When I graduated from high school, all I wanted to do was work at Vogue or any other high fashion magazine. I’ve pursued that goal by earning my undergraduate degree in Business Marketing and an Art Minor. Three summers ago, I was on Craigslist looking for an internship and came across a company that had just started called TOMS Shoes. A few weeks later I became an intern at the start-up shoe company and from that point on the internship changed the way I thought about the world and the people in it forever.
TOMS Shoes is a for profit company that incorporates giving into everything they do. For every shoes they sell, they donate a pair to a child in need in a developing country. A few months after my internship ended, I was chosen for their annual shoe drop which was conducted over a two week period where a team of TOMS employees visited remote locations throughout South Africa and delivered over 50,000 pairs of shoes to orphans and school children.
My perception of life and giving changed the minute I stepped off the plane in a completely foreign world that looked a lot different from where I had come from just 24 hours earlier. Walking along the unpaved dirt road, our group would be stopped by children asking for our clothes, water bottles, or anything else that they saw us carrying. Those two weeks changed my life. Things that had previously meant so much to me seemed insignificant now. I just could not wrap my head around how some sleep comfortably on beds while others fall asleep outside with empty stomachs.
This is how I got interested in non-profit work and decided that I only wanted to work for companies who focused on empowering people. This is where Kiva comes in.
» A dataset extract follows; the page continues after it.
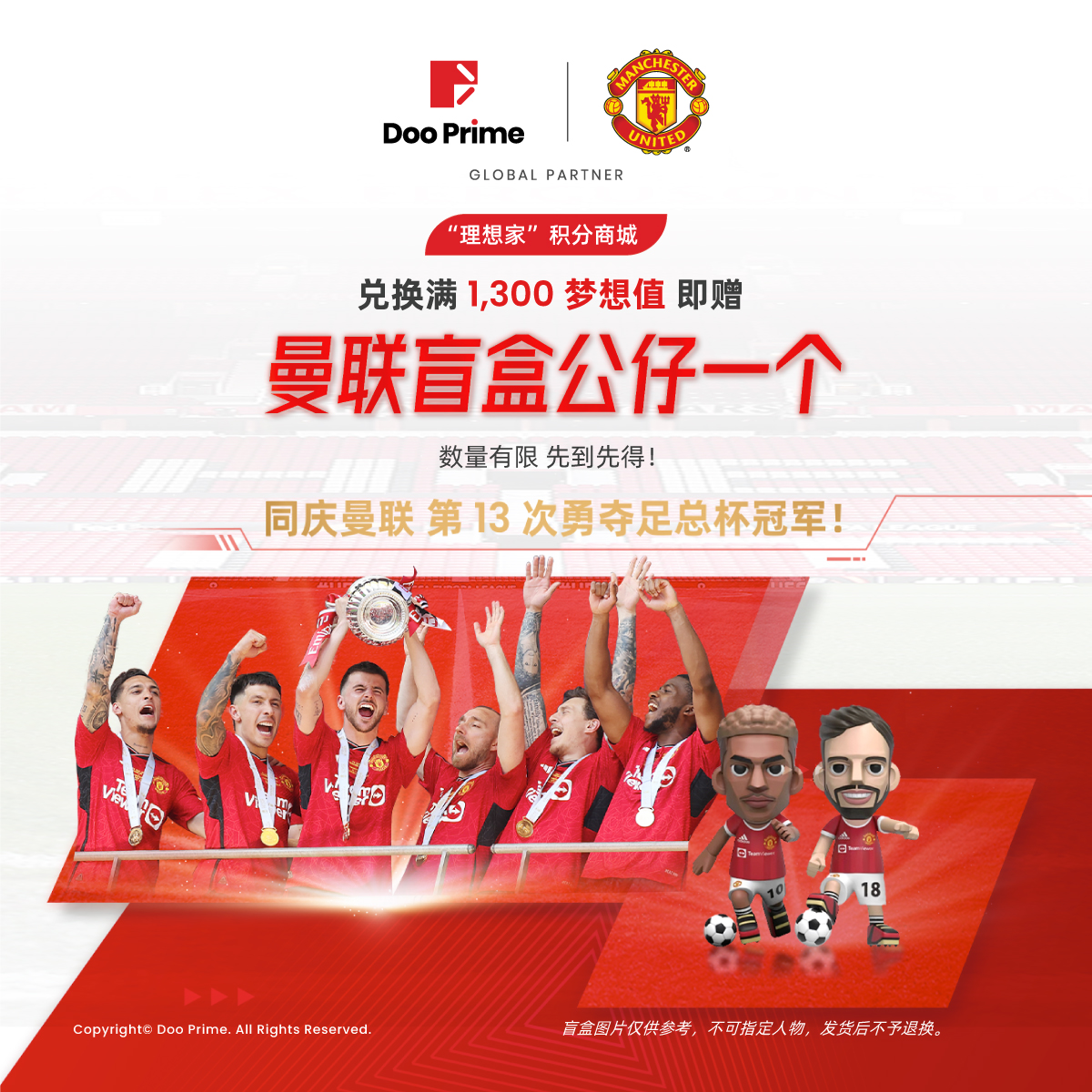 您只需在 2024 年 6 月 20 日至 6 月 30 日(UTC+8)活动期间,登录 Doo Prime 积分商城,单次兑换实体礼品满 1,300 积分,即可获赠曼联盲盒公仔一个。活动不设兑换上限,每一份符合条件的订单都可参与。每次兑换都会给您带来不一样的惊喜!感谢您一同见证了 Doo Prime 与曼联彼此的成长与辉煌。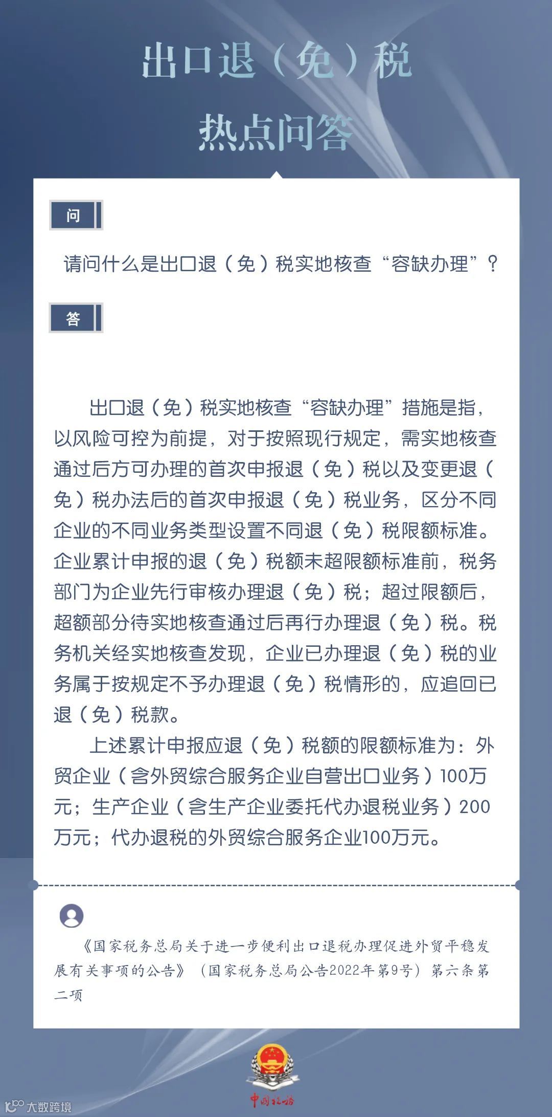 为进一步加力支持包括中小微企业在内的广大经营主体开展外贸出口业务,便于企业掌握出口退税现行规定、及时了解出口退税便利化举措,商务部、国家税务总局针对企业普遍关心的出口退税热点问题,整理了问答集锦。我们将陆续发布热点问答相关内容,今天发布:请问什么是出口退(免)税实地核查“容缺办理”?

I believe the smallest gestures have the ability to change people’s lives more than we could ever imagine. Gestures don’t always have to be grand and we as a community have the ability and the responsibility to try and make someone else’s life a little better. If we can start believing that we are all equal and every human life is worthy, no one will be able to stand by and ignore the world’s problems. As much as aid can help a starving community, the aid only lasts for hours, days or even weeks. Aid always runs out and I believe the only way to start to tackle the dire poverty throughout the world is to give the tools that we as citizens in developed countries receive. The chance to earn a better life through a loan.
I want to be a Kiva Fellow because I want to see the loans in action. I want to work at the field partner’s office and learn about every aspect of their operations. Every day in school I learn about development and the economics of poverty, but I want to actually experience it and see what can be done on the ground. School and textbooks can only go so far and the only way to begin to grasp poverty and the way communities can work themselves out of it, is to live there. Kiva Fellows have the ability to be part of the experience and see firsthand what can be done to make people’s lives more comfortable. Loans don’t just give capital, they give opportunities that were not there before and let people empower themselves to make a more comfortable and productive life for their families and communities.